While systemic intake of retinoic acid is able to induce telogen
effluvium, topical treatment of human scalp hair follicles
with tretinoin may also result in a prolonged anagen phase.
Therefore, we have investigated the influence of all-trans
retinoic acid (RA) on the growth of human hair follicles in
culture.
Human anagen hair follicles were dissected, and organ-cultured
in supplemented Williams E Medium for 2, 4 or 6 days with
retinoic acid (10-8, 10-11 M), and length of the hair shaft
was measured every second day, before follicles were embedded
for cryosectioning. Hair shaft length decreased already significantly
after two days in the RA-treated group, compared to control.

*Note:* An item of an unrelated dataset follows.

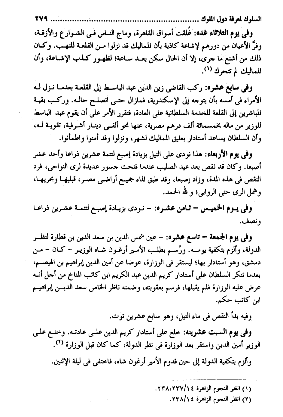 وَفِي يَوْم الثُّلَاثَاء غده: غُلقت أسواق الْقَاهِرَة وماج النَّاس فِي الشوارع والأزقة وفر الْأَعْيَان من دُورهمْ لإشاعة كَاذِبَة بِأَن المماليك قد نزلُوا من القلعة للنهب. وَكَانَ ذَلِك من أشنع مَا جرى إِلَّا أَن الْحَال سكن بعد سَاعَة لظُهُور كذب الإشاعة وَأَن المماليك لم تتحرك. وَفِي سَابِع عشره: ركب القَاضِي زين الدّين عبد الباسط إِلَى القلعة بعد مَا نزل لَهُ الْأُمَرَاء فِي أمسه بِأَن يتَوَجَّه إِلَى الْإسْكَنْدَريَّة فَمَا زَالَ حَتَّى انصلح حَاله. وَركب بَقِيَّة المباشرين إِلَى القلعة للْخدمَة السُّلْطَانِيَّة على الْعَادة فتقرر الْأَمر على أَن يقوم عبد الباسط للوزير من مَاله بِخَمْسِمِائَة ألف دِرْهَم مصرية عَنْهَا نَحْو ألفي دِينَار أشرفية تَقْوِيَة لَهُ وَأَن السُّلْطَان يساعد أستادار بعليق المماليك لشهر ونزلوا وَقد أمنُوا واطمأنوا. وَفِي يَوْم الْأَرْبَعَاء: هَذَا نُودي على النّيل بِزِيَادَة إِصْبَع لتتمة عشْرين ذِرَاعا وَأحد عشر إصبعاً. وَكَانَ قد نقص بعد عيد الصَّلِيب عِنْد مَا فتحت جسور عديدة لري النواحي فَرد النَّقْص فِي هَذِه الْمدَّة وَزَاد إصبعاً وَقد طبق المَاء جَمِيع أَرَاضِي مصر قبليها وبحريها وَشَمل الرّيّ حَتَّى الروابي وَللَّه الْحَمد. وَفِي يَوْم الْخَمِيس - ثامن عشره: - نُودي بِزِيَادَة إِصْبَع لتتمة عشْرين ذِرَاعا وَنصف. وَفِي يَوْم الْجُمُعَة - تَاسِع عشره: - عين شمس الدّين بن سعد الدّين بن قطارة لنظر الدولة وألزم بتكفية يَوْمه. ورُسم بِطَلَب الْأَمِير أرغون شاه الْوَزير - كَانَ - من دمشق وَهُوَ أستادار بهَا ليستقر فِي الوزارة عوضا عَن أَمِين الدّين إِبْرَاهِيم بن الهيصم بعد مَا تنكر السُّلْطَان على أستادار كريم الدّين عبد الْكَرِيم ابْن كَاتب المناخ من أجل أَنه عرض عَلَيْهِ الوزارة فَلم يقبلهَا فرسم بعقوبته وَضَمنَهُ نَاظر الْخَاص سعد الدّين إِبْرَاهِيم ابْن كَاتب حكم. وَفِيه بَدَأَ النَّقْص فِي مَاء النّيل وَهُوَ سَابِع عشْرين توت. وَفِي يَوْم السبت عشرينه: خلع على أستادار كريم الدّين على عَادَته. وخلع على الْوَزير أَمين الدّين وَاسْتقر بعد الوزارة فِي نظر الدولة كَمَا كَانَ قبل الوزارة. وألزم بتكفية الدولة إِلَى حِين قدوم الْأَمِير أرغون شاه فاختفى فِي لَيْلَة الِاثْنَيْنِ.

Staging of the hair follicles showed that approx. 80% of the
RA-treated hair follicles at day 6 had entered catagen, compared
to 30% of catagen follicles in the control group. This corresponded
to a relative upregulation of TUNEL+
cells and a downregulation of Ki67+
cells in the RA-treated follicles. Since TGF-ß2 has recently
been implicated as an inducer of catagen in human hair follicles,
we next studied whether RA treatment had any affect on follicular
TGF-ß2 expression. TGF-ß2 immunoreactivity was detected
in the outer root sheath (ORS) of normal, untreated anagen
VI scalp hair follicles. The lower portion of the hair bulb
and the dermal papilla were negative for TGF-ß2. In catagen
follicles, TGF-ß2 was also expressed in the regressing
epithelial strand. After 4 days of RA treatment, TGF-ß2
was significantly upregulated in anagen hair follicles in
the dermal papilla and the dermal sheath. In addition, the
intensity of TGF-ß1 and TGF-ß receptor type II (TGFRII)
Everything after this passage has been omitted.